Greeks besiege banks for wildfire compensation

Greeks besiege banks for wildfire compensation

30 August 2007

published by ca.today.reuters.com


Greece — Greeks on Thursday started burying relatives killed by wildfires and thousands scrambled to banks to collect compensation for damage caused by blazes still burning parts of the country for a sixth day.

Police arrested 15 people facing charges of fraud for claiming the instant 3,000 euros ($4,000) payment the government is handing out in the affected areas in a bid to show it is providing fast relief for the fires that have killed 63 people.

Less than three weeks before a parliamentary election, critics who slammed the conservative government’s chaotic reaction to the fires and said its compensation system was open to widespread fraud.

“This shames us as Greeks,” Dionysis Berezos, 67, told Reuters while standing with at least 400 people outside a bank in Pyrgos, a provincial capital in the stricken Peloponnese peninsula. “These people have come from Athens and have nothing to do with the area.”

Some people admitted they had come from as far away as Athens and Thessaloniki, which is some 600 km (370 miles) north.

“Hundreds of gypsies have come here who don’t live here,” said Gerasimos Halilopoulos, a Roma from Pyrgos, told Reuters. “It is making my life difficult because I need the money.”

The system requires filling out a simple form, which will be checked later, to get the money and Prime Minister Costas Karamanlis said the simplified system was the right thing.

“The order is ‘move fast’, without any delay. We’re removing bureaucratic hurdles. Nothing should stand in the way of us doing our duty,” he told a newsbriefing.

Elections ahead

The government’s handling of the crisis could be crucial for Karamanlis’s hopes for re-election on September 16.

A cartoon in the centre-right daily Kathimerini newspaper showed a helicopter flying over scorched countryside dropping banknotes from a water bucket while the pilot says: “Yes prime minister, as agreed, we’re dropping 100-euro bills so the land will turn green again.” 

Vast swathes of countryside have burned and more than 500 homes were razed in what have been Europe’s most extensive wildfires in a decade, according to the European Space Agency.

Of the 63 dead, 38 bodies were so badly burned that they could only be identified by DNA testing.

In the village of Anilio, hundreds gathered to bury a forest warden who lost his life trying to save a mother and her four children from the flames, only five days into the job. The woman was found dead, the bodies of her children in her arms.
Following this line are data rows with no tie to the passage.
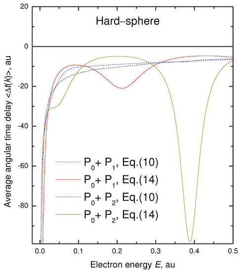 The second term on the left-hand side of Equation (14) eliminates the contribution of the forward scattering into the average angular time delay. Thus, the average time delay for the plane wave train is a linear combination of the EWS time delays (3). The results of the calculation of the function (14) in the case of electrons scattered by the hard-sphere target are shown in Figure 4.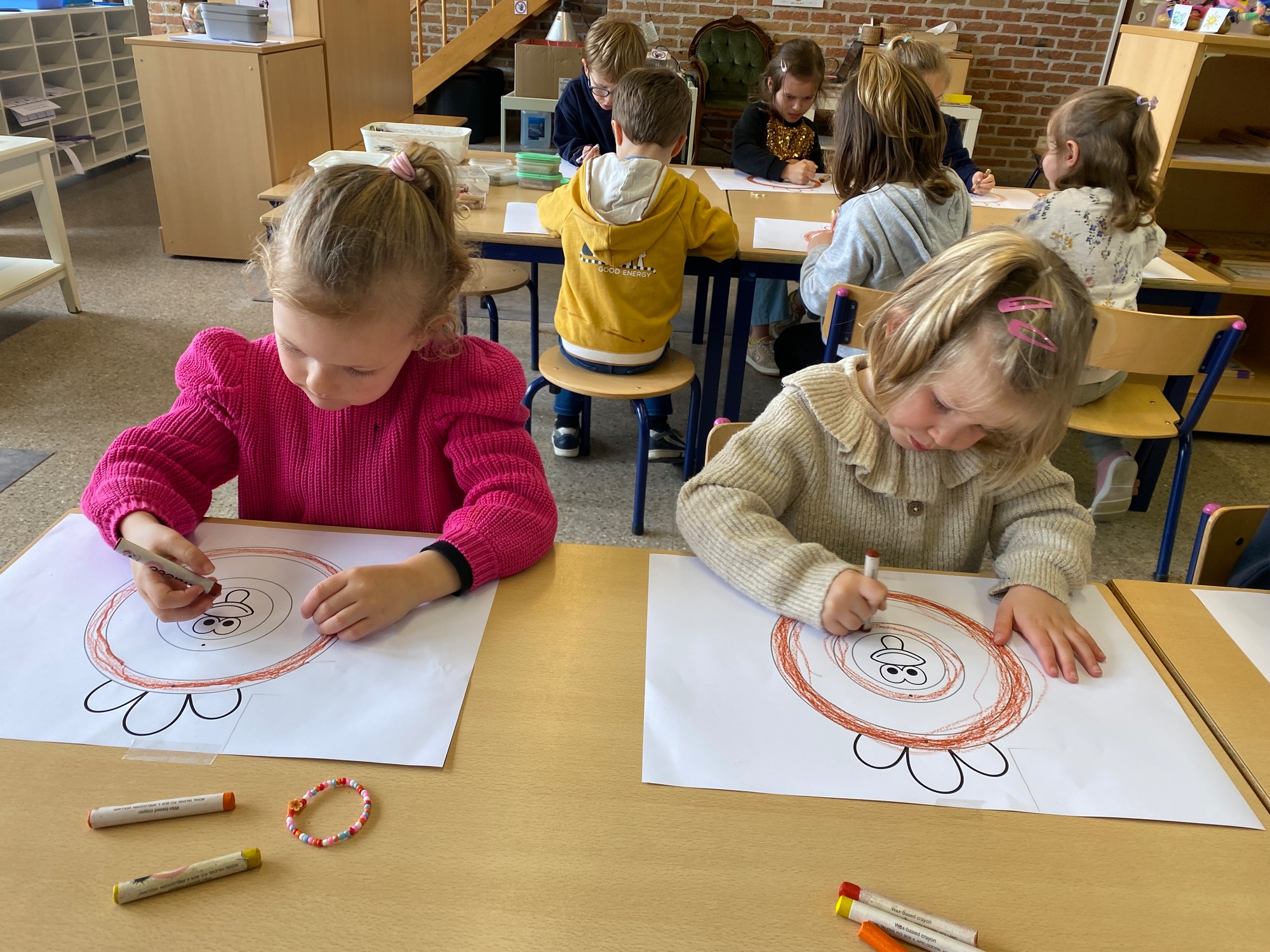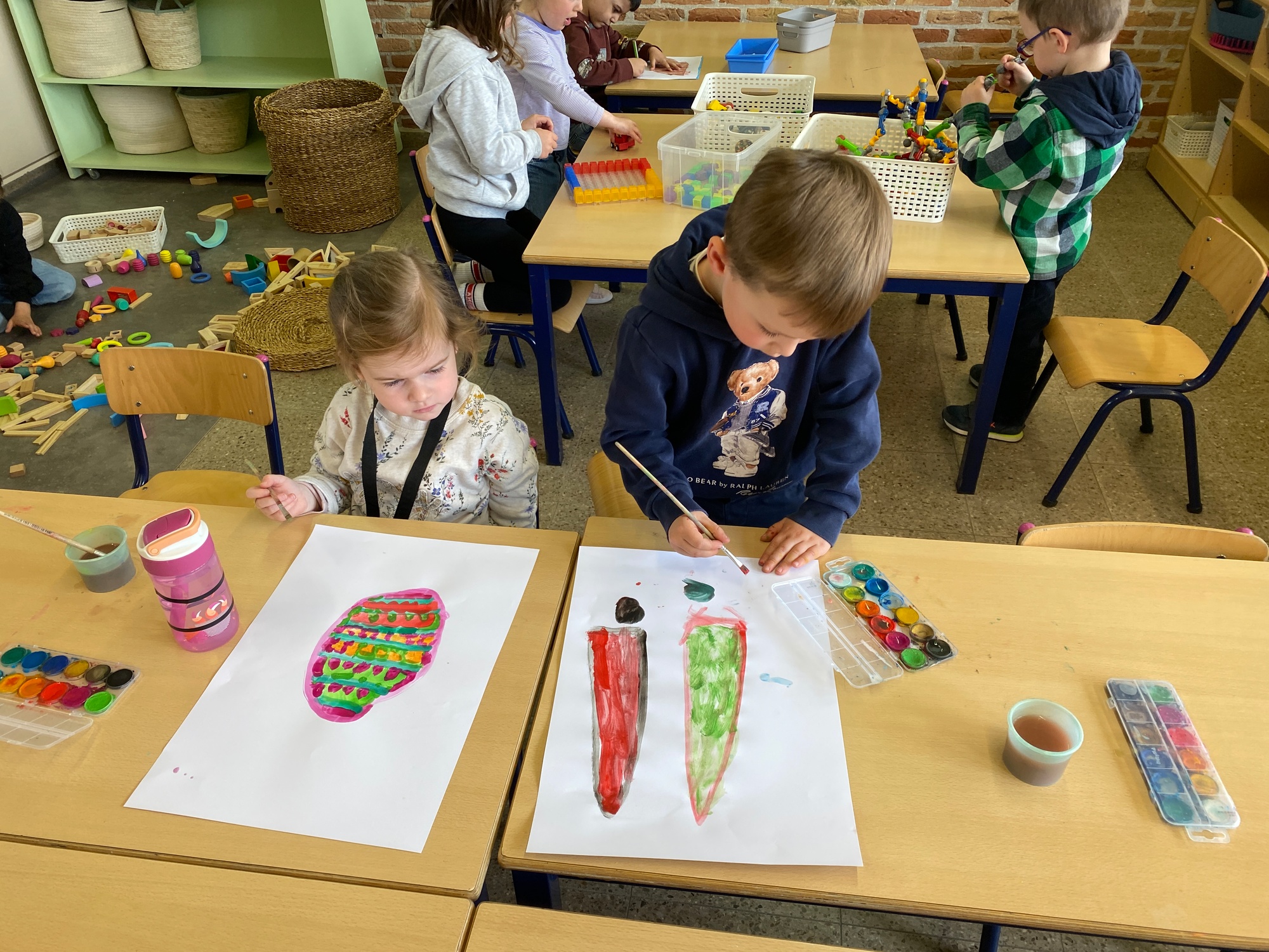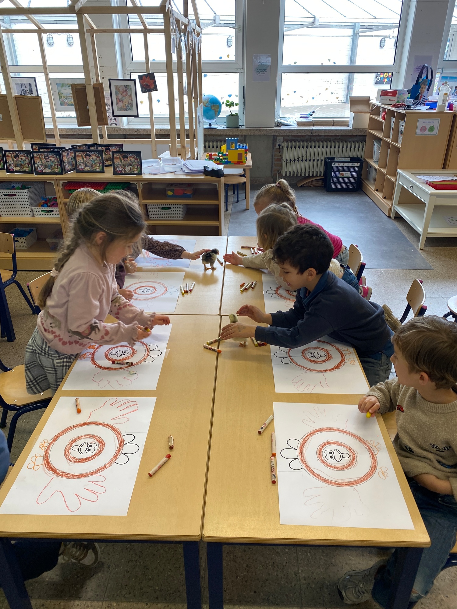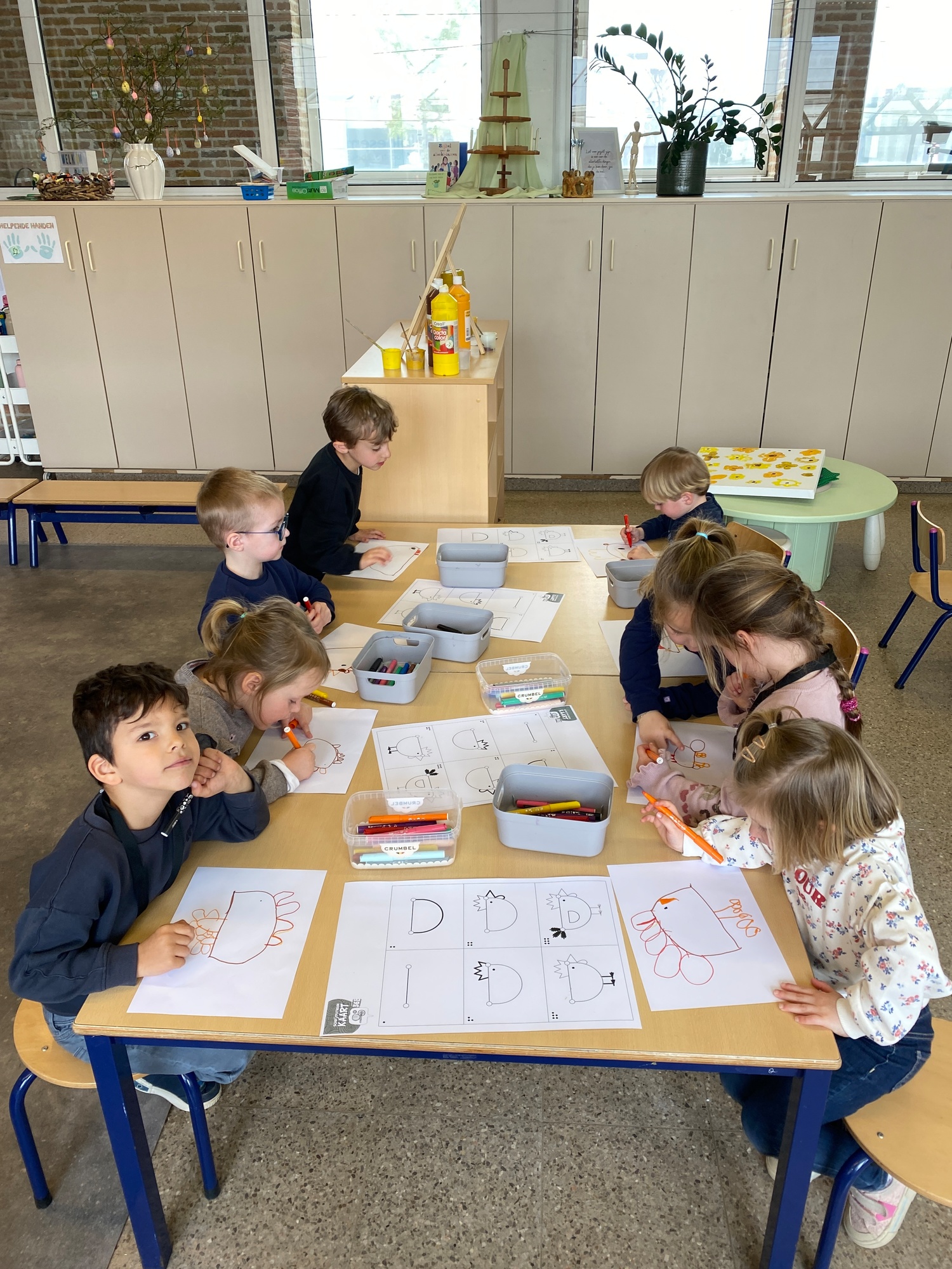 We tekenden een kip. Wat zien jullie bij het kuikentje op tafel? Teken maar na. We schilderden een ei. Net zoals Poelette in het boekje: 'Het allereerste ei.' probeerden we het mooiste ei te versieren. Werden het mooie eitjes?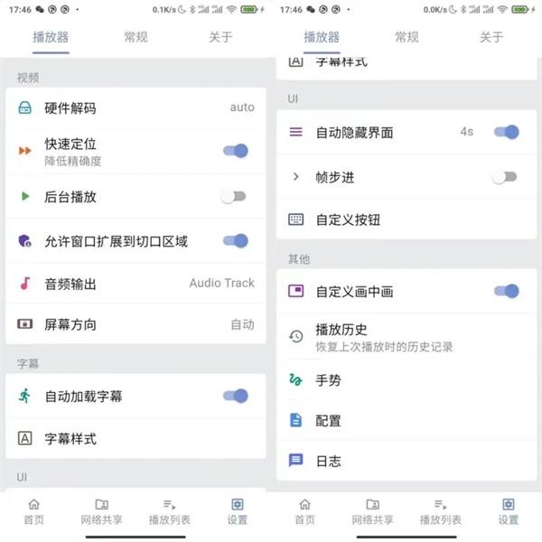 Reex 设置里面也很丰富,包括解码设置、快速定位、后台播放、音频输出、字幕自定义、手势设置等等。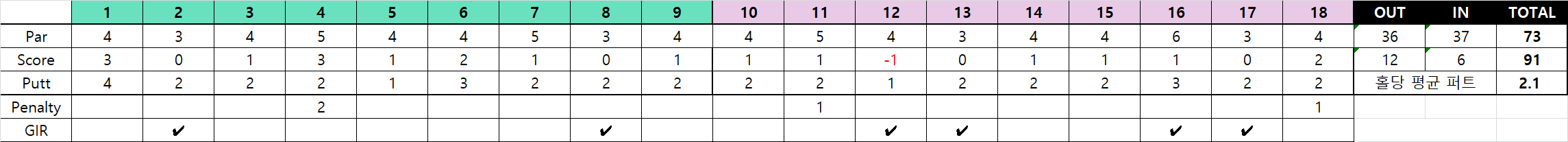 더블보기만 아니였어도 80대 타수도 들어올 수 있었는데 아쉬운 결과였다.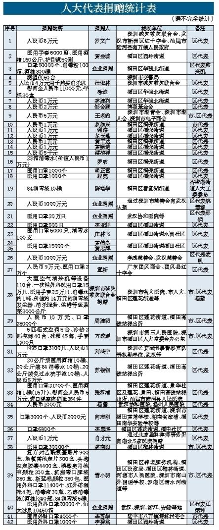 市、区人大代表杨勤率领深圳市减灾救灾联合会把社会各界爱心人士从境外筹集来的28000个口罩捐赠给了深圳北大医院等九家医院;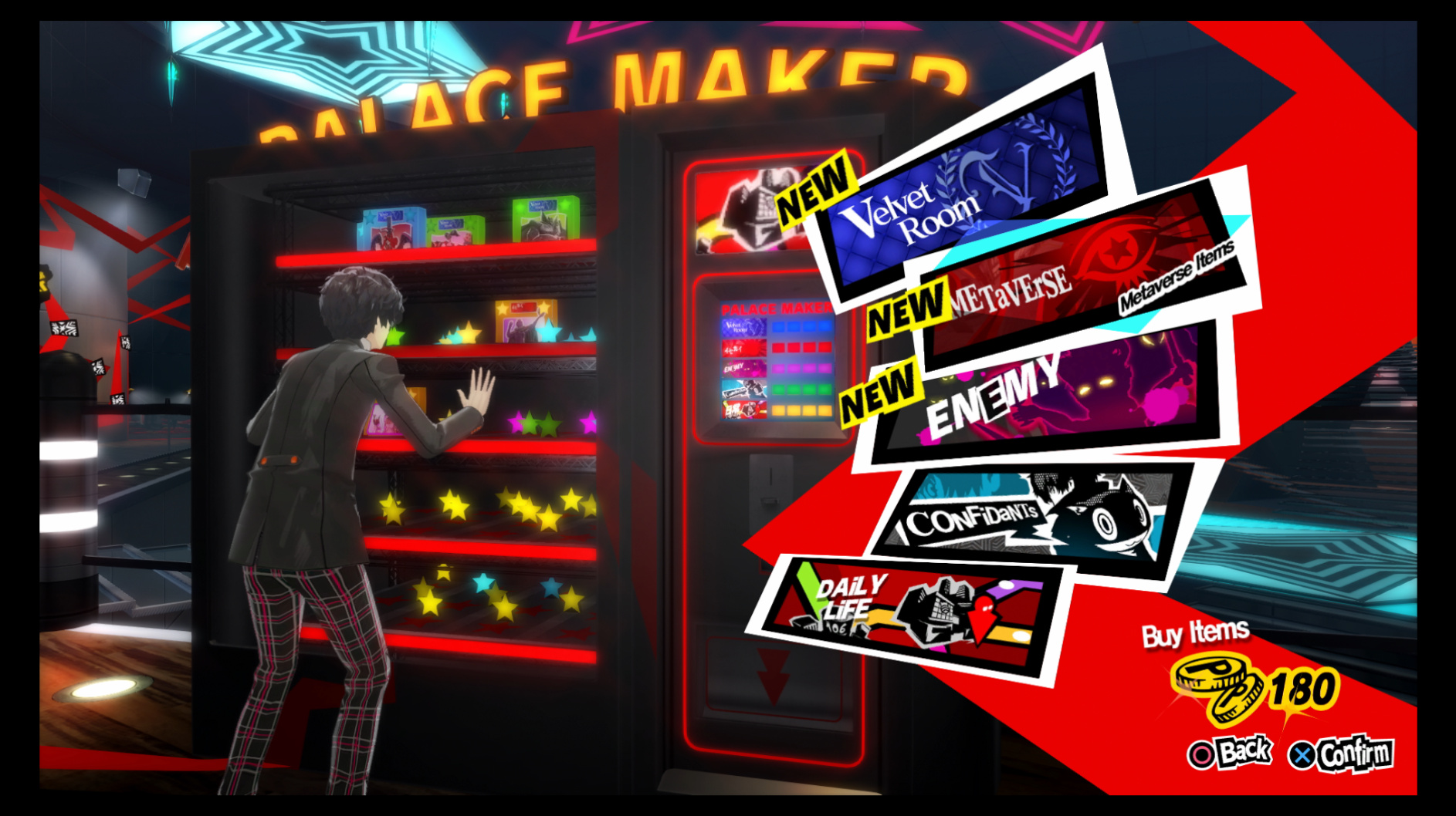 : You can spend the medals at the Palace Maker machine, which pretty much directly confirms that this is Joker’s Palace. The stuff in “Confidants” only unlocks when you max a confidant, and the stuff in Daily Life requires doing a whole bunch of stuff we have no reason to do.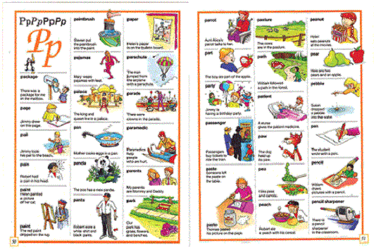 最初に身に付けておきたい1500単語を、アルファベット順にイラストと簡単な例文で学びましょう。巻末には、月、曜日、時計の読み方も紹介されています。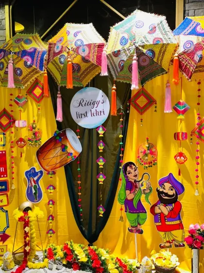 - Family moments like baby’s First Lohri get colourful, custom backdrops with kites, dhols, and bonfire graphics - thoda hatke (something different) from the usual.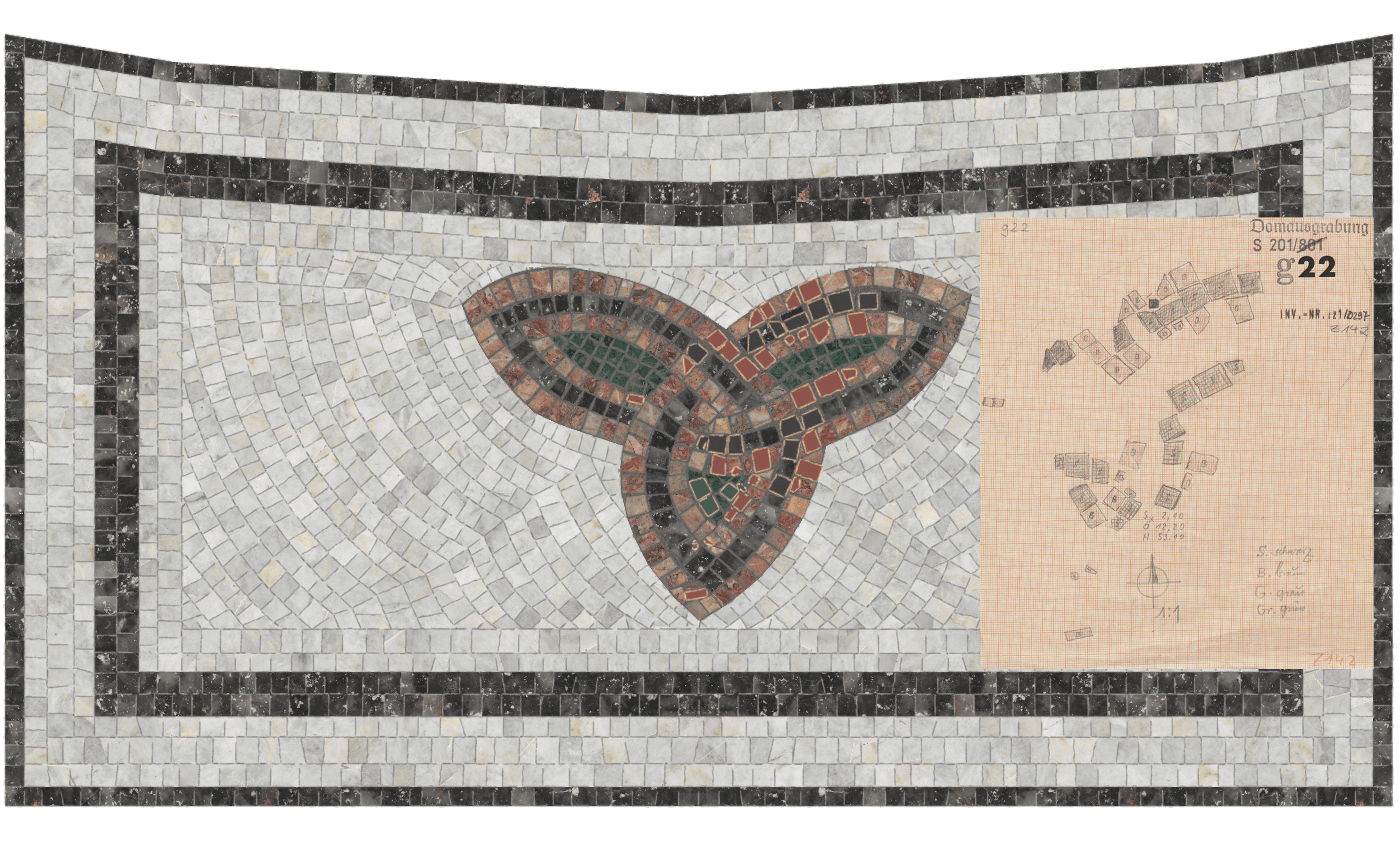 Die Rekonstruktionen der Fußbodenmuster wurden mit dem Befund sowie den Grabungsdokumentationen größtmöglich abgeglichen. Die zeichnerisch erfassten marmornen Mosaiksteine des Dreierknotens in den Zwickelflächen des Mittelkreises wurden originalgetreu in die Rekonstruktion übernommen. Dabei wurden sämtliche Farben und Steinpositionen berücksichtigt. Die in der Grabungszeichnung abgebildeten Mosaiksteine sind in der Rekonstruktion gelb umrissen.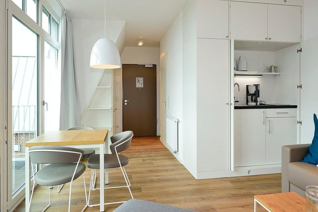 Das 33 m² große und moderne 1-Zimmer Apartment im dritten Obergeschoss des Aparthotels besticht durch seinen Penthaus-Charakter und ist für bis zu 3 Personen geeignet. Besonders hervorzuheben sind die hochwertige Ausstattung und die wunderbare Südlage des großzügigen Balkons. Hier könnt ihr sonnige und erholsame Urlaubstage und laue Sommerabende verleben.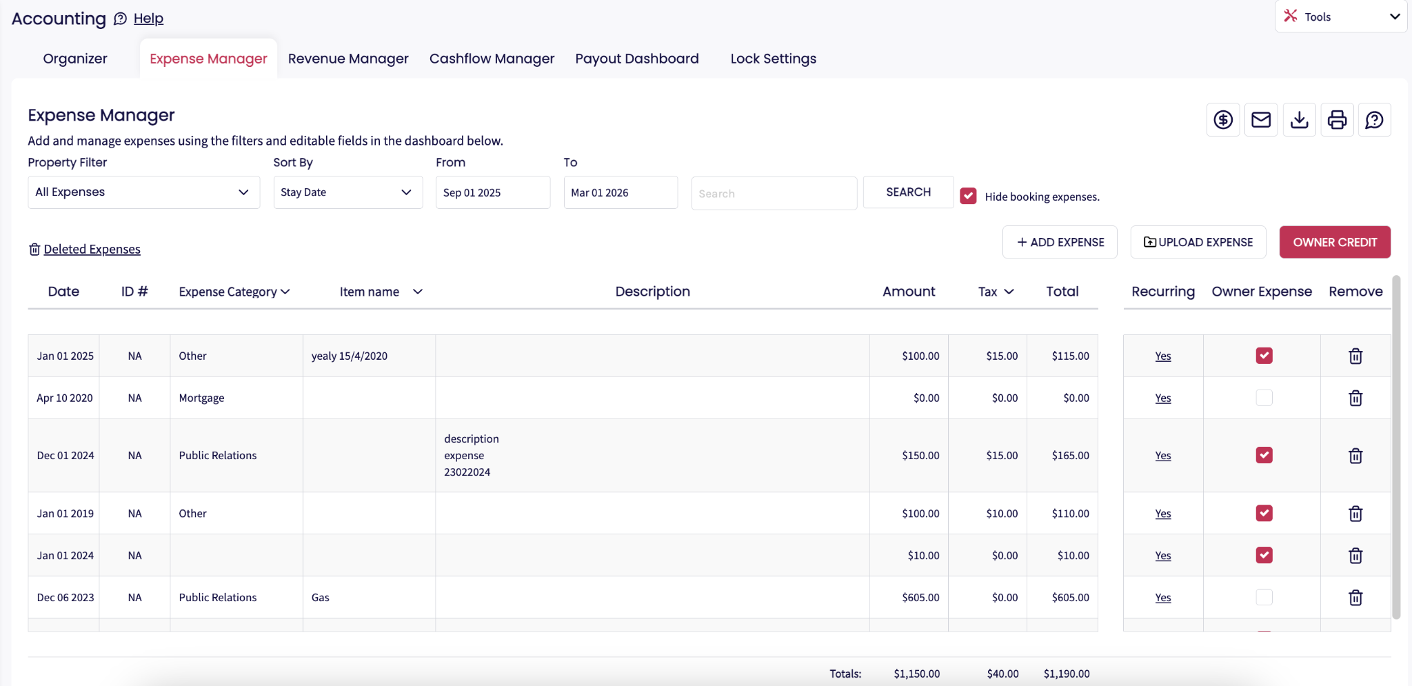 With intuitive tools for adding, editing, and bulk uploading expenses—plus seamless integration with Owner Statements and Accounting Reports—the Expense Manager helps you maintain accurate financial records with ease.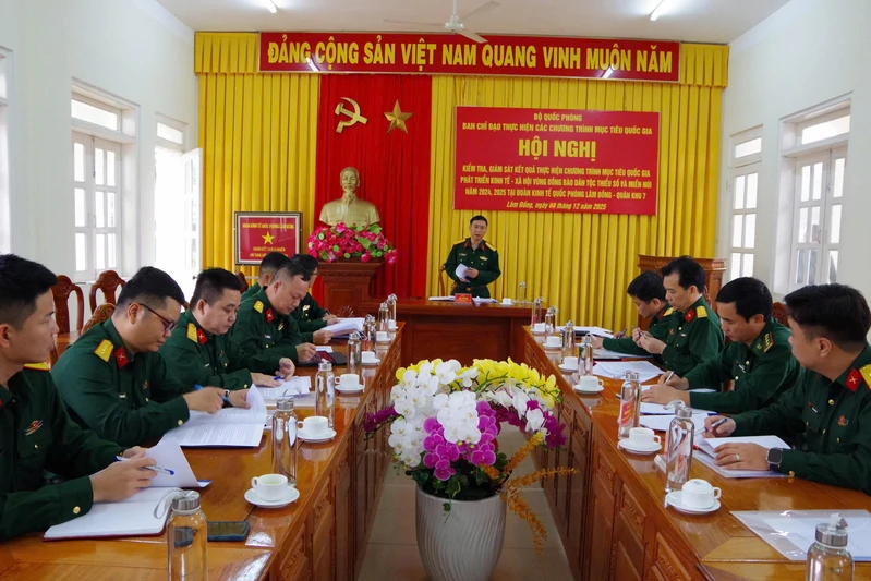 (QK7 Online) - Ngày 3/12, Đoàn công tác Ban Chỉ đạo các Chương trình Mục tiêu quốc gia của Bộ Quốc phòng do Đại tá Trần Anh Nghĩa, Phó trưởng phòng Kinh tế Sự nghiệp, Cục Tài chính Bộ QUốc phòng làm trưởng đoàn kiểm tra, giám sát kết quả thực hiện Chương trình Mục tiêu quốc gia (MTQG) phát triển kinh tế - xã hội vùng đồng bào dân tộc thiểu số và miền núi năm 2024, 2025 tại Đoàn Kinh tế - Quốc phòng (KTQP) Lâm Đồng.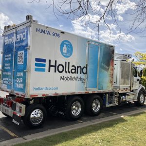 Holland’s Hybrid Welder™ features the same industry-leading equipment as a traditional MobileWelder®, with a battery-powered welder head. This allows us to deliver the high-quality flash-butt welds Holland is known for in a more sustainable package. The design also eliminates mechanical systems that are known failure points and increases Holland’s already industry-leading uptime.

“He was a hero. A great person, very generous with other people and a hard worker,” lamented Father Constantinos Grammatikopoulos, who led the funeral service.

On Thursday some fires raged on in the western Peloponnese and the island of Evia, north of Athens, and the fire brigade said they were still evacuating villages.

The government said the fires would cost Greece at least 1.2 billion euros ($1.6 billion) but not derail the country’s budget deficit cutting efforts. Athens said it planned to tap European Union emergency aid.

European Commission President Jose Manuel Barroso said Greece would not be left alone in its hour of need.

“This is also a European disaster,” he said in a statement. “At this sad time it is good to stress that solidarity is at the heart of European vision.”

Foreign Minister Dora thanked foreign ambassadors to Athens for their countries’ firefighting help and said Greece will make sure Ancient Olympia, the birthplace of the Olympic Games, which was licked by the flames, would be fully restored.

The government has said arsonists started the fires and most Greeks believe rogue developers are burning forests to make way for new construction.

“We are determined that not the smallest piece of land will not be reforested. Nobody will build on burnt land,” Bakoyanni said.